CCT was higher in NTG than in HTG; however, these values were statistically insignificant. A comparison of the application of prostaglandins of corrected CCT (CCT correction) for both types of glaucoma increased the difference, but this difference was still statistically insignificant. This difference was caused by an uneven representation of patients treated with prostaglandins in both groups.

Key words:

hypertensive glaucoma, normotensive glaucoma, central cornea thickness, prostaglandins

INTRODUCTION

Glaucoma is still considered one of the main causes of pronounced disorders of vision and blindness in advanced countries. It is generally known that intraocular pressure is indicated as the most significant risk factor of this pathology. Hypertensive glaucoma (HTG) is defined as chronic progressive neuropathy with excavation and atrophy of the disc of the optic nerve and subsequent changes in the visual field, where the main role is played by higher intraocular pressure. In the case of HTG, the ganglion cells are damaged diffusely throughout the entire retina, with subsequent necrosis of their axons. At the same time, however, there is also damage to the ganglion cells of subcortical and cortical centres in the brain.

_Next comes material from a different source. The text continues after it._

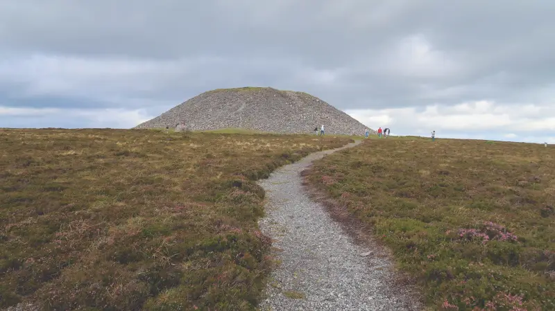 Yeats verwijst naar Queen Maeve, die volgens de legende in de graftombe boven op de berg ligt begraven. Zij zou rechtopstaand zijn begraven met een speer in de hand, zodat zij ook na haar dood haar vijanden kan blijven aankijken. De klim naar de top is behoorlijk steil, maar onderweg kom je genoeg informatieborden tegen die een goed excuus vormen om even uit te rusten. Bovendien is het uitzicht onderweg schitterend. Dit is wat veel mensen zich voorstellen bij Ierland: bergen, zee en een lappendeken van groene velden. Bovenop de berg ligt een gigantische berg stenen. Dit is de graftombe van Queen Maeve.

In comparison with HTG, NTG is different in a number of aspects: in addition to the level of intraocular pressure, there are also changes in the visual field which in NTG cause more damage to the central part, and have deeper defects of sensitivity, the nerve fibres in NTG are more damaged in the central part of the retina and the damage is of a focal character, excavation is generally wider and deeper, furthermore patients with NTG manifest vasospasms, nocturnal systemic hypotension, decrease of ocular pulse amplitude and fluctuation of ocular perfusion pressure, constricted retinal veins and even deteriorated haemorheological properties of blood and other factors (12). In HTG the pattern electroretinogram (PERG) and the pattern visual evoked potentials (PVEP) are pathological. In NTG, PERG is virtually normal, but PVEP responses are markedly altered (12).

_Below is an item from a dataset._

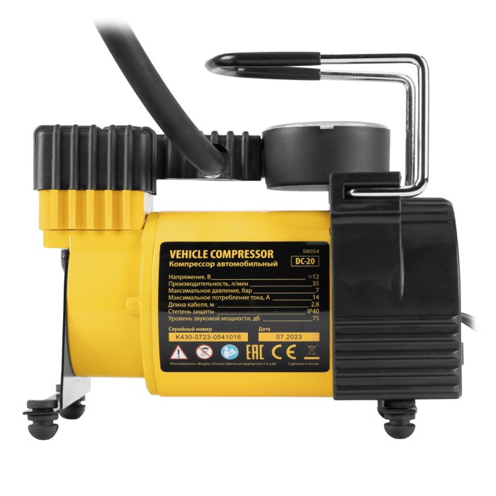 Автомобильный компрессор Denzel DC-20 58054 производительностью 35 л/мин работает от источника питания 12 В, создает давление 7 атмосфер и используется для быстрого накачивания шин автомобильных колес. Благодаря увеличен...

Central corneal thickness (CCT) is an important parameter for determining the diagnosis and subsequent observation of glaucoma pathology.

In the majority of cases, treatment of glaucoma begins with the local application of drops. Prostaglandin analogues (PGAs) are highly effective, and as a result are widely used as the drugs of first choice (19). Regardless of the hypotensive effect of these pharmaceuticals, their long-term application brings a reduction of CCT (7, 11, 15, 17, 18, 23, 24).

One of the possibilities behind the occurrence of this phenomenon is degradation of collagen through the activation of the prostaglandin E receptors in the corneal stroma (16).

In general it is stated that CCT is lower in the case of NTG in comparison with HTG. For this reason, it was the aim of our study to determine and compare CCT in both of the observed groups, also taking into account the applied medication with prostaglandin analogues.

Cohort and method

Within the framework of this study, over the course of two months we examined a total of 200 eyes of 100 patients with glaucoma who came for a follow-up examination with the framework of supervisory care. The evaluated cohort comprised 100 eyes of 50 patients (29 women and 21 men) with HTG, and 100 eyes in 50 patients (25 women and 25 men) with NTG. The average age in HTG was 67 years and in NTG 62.6 years. The exclusion criterion for this study was corneal pathology, conditions following corneal laser procedures, combined antiglaucomatous therapy, conditions following glaucoma surgery and high ametropia. The group of hypertensive glaucomas included eyes only with chronic simple primary open-angle glaucoma, in which the diagnosis was determined by a complex eye examination and in which both structural changes (ganglion cell complex and nerve fibre layer) and functional changes (perimeter) were confirmed, and the level of intraocular pressure before the application of treatment exceeded the value of 25 mmHg. Similarly, in NTG also the diagnosis was confirmed by both structural and functional changes, and was accompanied by an examination of PERG and PVEP (12). Intraocular pressure in NTG before the relevant applied therapy was lower than 15 mmHg. Medicamentous therapy with locally applied anti-glaucomatous agents, if indicated, had been used by our patients for at least the last five years.

In all eyes, CCT was measured with the aid of an ultrasound pachymeter Tomey Handy Pachymeter SP100, always by the same physician.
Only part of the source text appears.